Programa Emergencial de Manutenção do Emprego e da Renda – Saiba como funciona, quais os benefícios

Com a promulgação da Lei nº 14.020, de 06 de julho de 2020, foi instituído o Programa Emergencial de Manutenção do Emprego e da Renda, como forma de amenizar os impactos econômicos nas relações de emprego, durante o estado de calamidade pública provocado pelo COVID-19.


Para saber se a sua empresa faz jus aos benefícios concedidos, como melhor utilizá-los e qual a melhor forma de proceder, nossa equipe elaborou o passo-a-passo para que você, empreendedor, consiga se adequar e saber se é vantagem utilizar os benefícios trazidos por ela.
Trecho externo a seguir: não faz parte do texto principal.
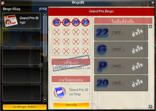 3.หลังจากบิงโกสำเร็จ จะได้รับไอเทม [Grand Prix Blue Chip] หรือ [Grand Prix Red Chip]

Quais os benefícios do programa?


O Programa institui basicamente 02 medidas emergenciais que podem ser adotadas pelos empregadores:

  1. Redução proporcional de jornada de trabalho e de salário;

  2. Suspensão temporária do contrato de trabalho;

Caso o empregador opte por uma das duas opções acima, seus funcionários farão jus ao recebimento do Benefício Emergencial de Preservação do Emprego e da Renda, que consiste em um pagamento mensal a ser feito ao empregado impactado por uma das medidas emergenciais acima.
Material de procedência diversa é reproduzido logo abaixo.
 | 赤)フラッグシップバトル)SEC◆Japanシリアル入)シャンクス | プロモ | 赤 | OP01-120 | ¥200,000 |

Esse Benefício Emergencial será pago pelo Governo, a partir da data do início da redução da jornada de trabalho, da redução do salário ou da suspensão temporária do contrato de trabalho.


Diante disso, para que esse pagamento possa ser feito, o empregador precisa:

  1. Comunicar ao Ministério da Economia a redução da jornada de trabalho e do salário ou a suspensão temporária do contrato de trabalho, no prazo de 10 (dez) dias, contado da data da celebração do acordo com o empregado;

O primeiro pagamento ocorrerá no prazo de 30 (trinta) dias, contado da data da celebração do acordo com o empregado, desde que a celebração do acordo tenha sido feita pelo empregador no prazo máximo de 10 (dez) dias, conforme comentado acima.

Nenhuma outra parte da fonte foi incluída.